Abstract
Monte Carlo (MC) simulations, built around chain-connectivity-altering moves and a wall-displacement algorithm, allow us to simulate freely-jointed chains of tangent hard spheres of uniform size under extreme confinement. The latter is realized through the presence of two impenetrable, flat, and parallel plates. Extreme conditions correspond to the case where the distance between the plates approaches the monomer size. An analysis of the local structure, based on the characteristic crystallographic element (CCE) norm, detects crystal nucleation and growth at packing densities well below the ones observed in bulk analogs. In a second step, we map the confined polymer chains into self-avoiding random walks (SAWs) on restricted lattices. We study all realizations of the cubic crystal system: simple, body centered, and face centered cubic crystals. For a given chain size (SAW length), lattice type, origin of SAW, and level of confinement, we enumerate all possible SAWs (equivalently all chain conformations) and calculate the size distribution. Results for intermediate SAW lengths are used to predict the behavior of long, fully entangled chains through growth formulas.
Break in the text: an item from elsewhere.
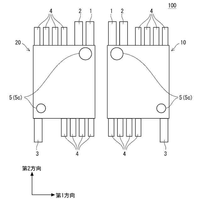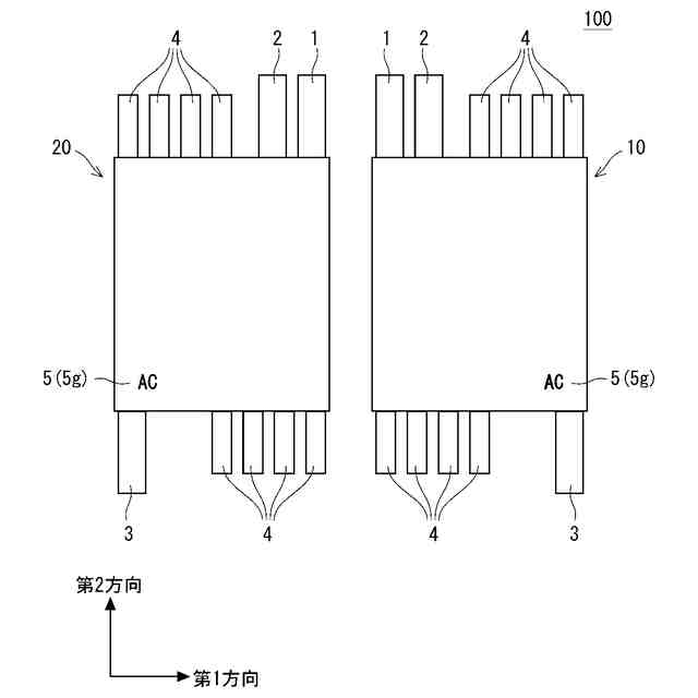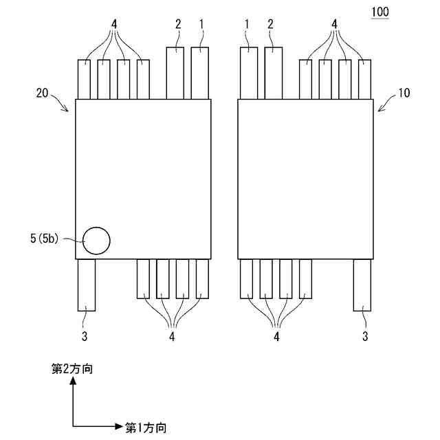 図1は、実施の形態1に係る半導体装置100の構成を示す上面図である。図1のように、半導体装置100は、第1方向に並べて配置された標準型半導体モジュール10とミラー型半導体モジュール20とが、基板(不図示)上に搭載された構造を有している。

The SAW analysis will allow us to determine the corresponding configurational entropy, as it is the driving force for the observed phase transition and the determining factor for the thermodynamic stability of the corresponding crystal morphologies.
Highlights
We have studied the behavior of athermal polymer chains under extreme confinement realized through the presence of parallel, flat, and impenetrable walls in one dimension
Monte Carlo simulations show that dense packings of highly confined chains tend to crystallize at volume fractions which are significantly lower than the corresponding threshold of the bulk case
In an effort to identify the thermodynamic stability of the corresponding structures and the entropic origins of the phase transitions, we have mapped the athermal chains onto self-avoiding random walks (SAWs) on lattices which are further spatially confined as the atomistic analogs
Summary
Polymer based thin films have been used extensively for several decades in a varied range of applications from optical coatings and energy storage to smart appliances, semiconductors and pharmaceutics [1,2,3,4,5,6,7,8,9,10,11,12,13,14,15,16,17,18,19]. Relevant for numerous applications is the phase behavior, as macromolecular crystals exhibit distinctly different characteristics compared to polymer glasses. As observed in complex atomic systems, is extensively studied it is still far from being fully understood. It is possible to effectively control the phase behavior and/or the state of jamming [47,48,49,50] for polymers by properly tuning the bond gaps (or bond tangency) between successive monomers along the chain [51,52] or the bending angles that dictate chain flexibility [53,54]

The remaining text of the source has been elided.